May 20, 2013
China’s PLA Hackers Pick Up Where They Left Off
Michael Harper for redOrbit.com — Your Universe Online
Earlier this year, security firm Mandiant released a report which found a rash of cyber attacks against companies from the US and other English-speaking countries. These attacks were all believed to be launched from China, specifically a branch of the People´s Liberation Army (PLA) called Unit 61398, located in one 12-story building on the edge of Shanghai.In the weeks following this report´s release, cyber activity from Unit 61398 had been slow, even though the Chinese government denied any participation in the attacks on hundreds of companies. Yesterday, the New York Times released a second report claiming that the Unit is back at work, and this time they´re using different techniques to avoid being spotted.

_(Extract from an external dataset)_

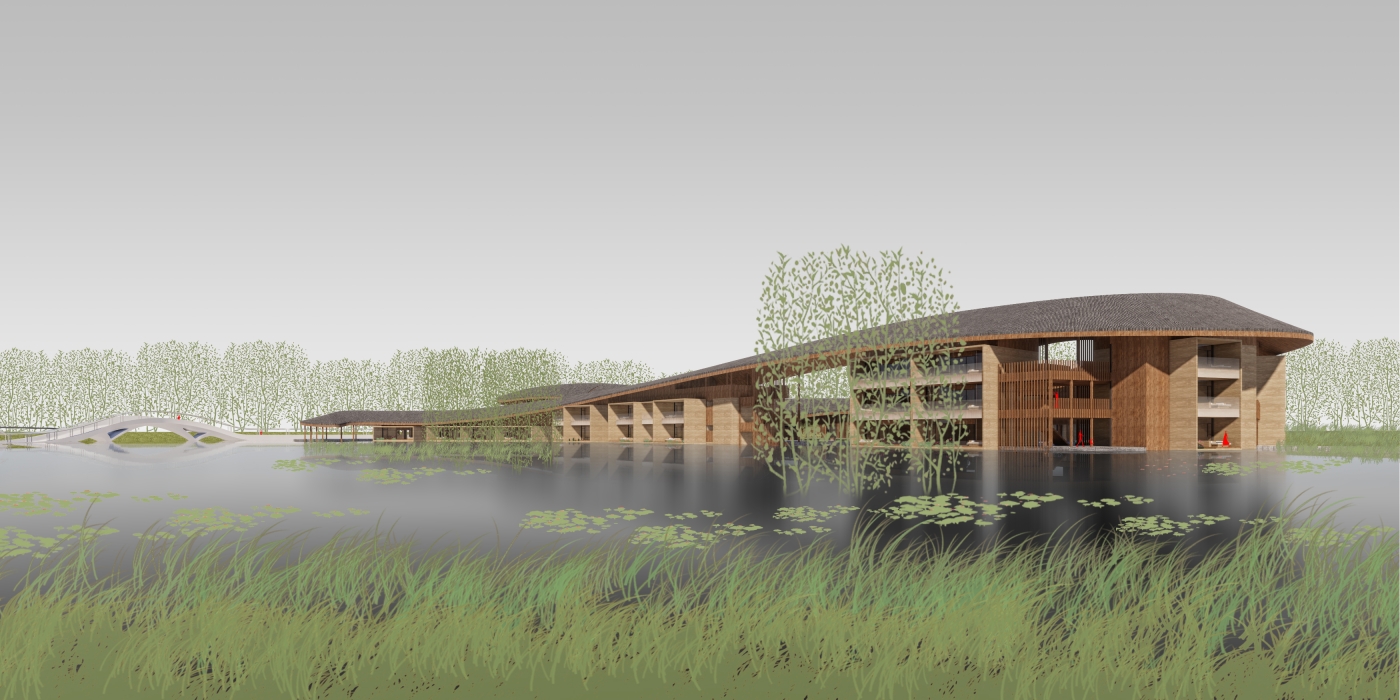 With site constrains, the constructible areas are limited to two pieces of triangular land. 150 guest rooms are arranged within two stroke-shaped clusters, which adapt into the shape of lands respectively. In the agricultural area at the perimeter of the site, crops are planted to create the water land pastoral landscape.

“They dialed it back for a little while, though other groups that also wear uniforms didn´t even bother to do that,” said Kevin Mandia, the chief executive of Mandiant, in an interview with the Times.
“I think you have to view this as the new normal.”
Mandiant has once again reported hacking activity, and though they did not disclose the PLA´s targets, they did say several of them were attacked during the last round of cyberattacks. The New York Times itself was a target of the earlier attacks and hired Mandiant to investigate.
The Obama administration has commented on this new uptick in hacking attempts, saying they need to have another conversation with the Chinese government and let them know “there is a real cost to this kind of activity.”
Shortly after being discovered in February, the hackers not only ceased their attacks but also removed any spying tools that they had used or left behind. Mandiant has kept an eye on the Unit, however, and now says they´ve been slowly ramping up their attacks over the past two months. To hide their tracks, the Chinese hackers have begun to use new servers with which to carry out their strikes as well as other spy tools which allow them to steal private information without being detected.
Mandiant believes these hackers have been able to operate at “60 to 70 percent” of the level they were at before they shut down operations in February. The security firm watched as the Unit was essentially dismantled and hackers dispersed. Online detectives worked to find these hackers and link their online pseudonyms with their real identities.
One hacker in particular operated under the assumed name “UglyGorilla.” Online detectives later linked him back to a man named “Wang Dong” who blogged about his experiences as a low-paid and hungry hacker for the PLA.
The PLA hackers only took a few weeks off from their strikes before slowly picking up again where they left off. The new attacks are still originating from the same building in Shanghai, and Mandiant claims most of the Chinese hackers are taking advantage of small Internet Service Providers (ISPs) who aren´t aware of their presence.
Mandiant also found the hackers are still using the same malware as before, though the code has been slightly altered.
Thomas Donilon, President Obama´s national security advisor, is expected to talk about these attacks and more during an upcoming visit to China.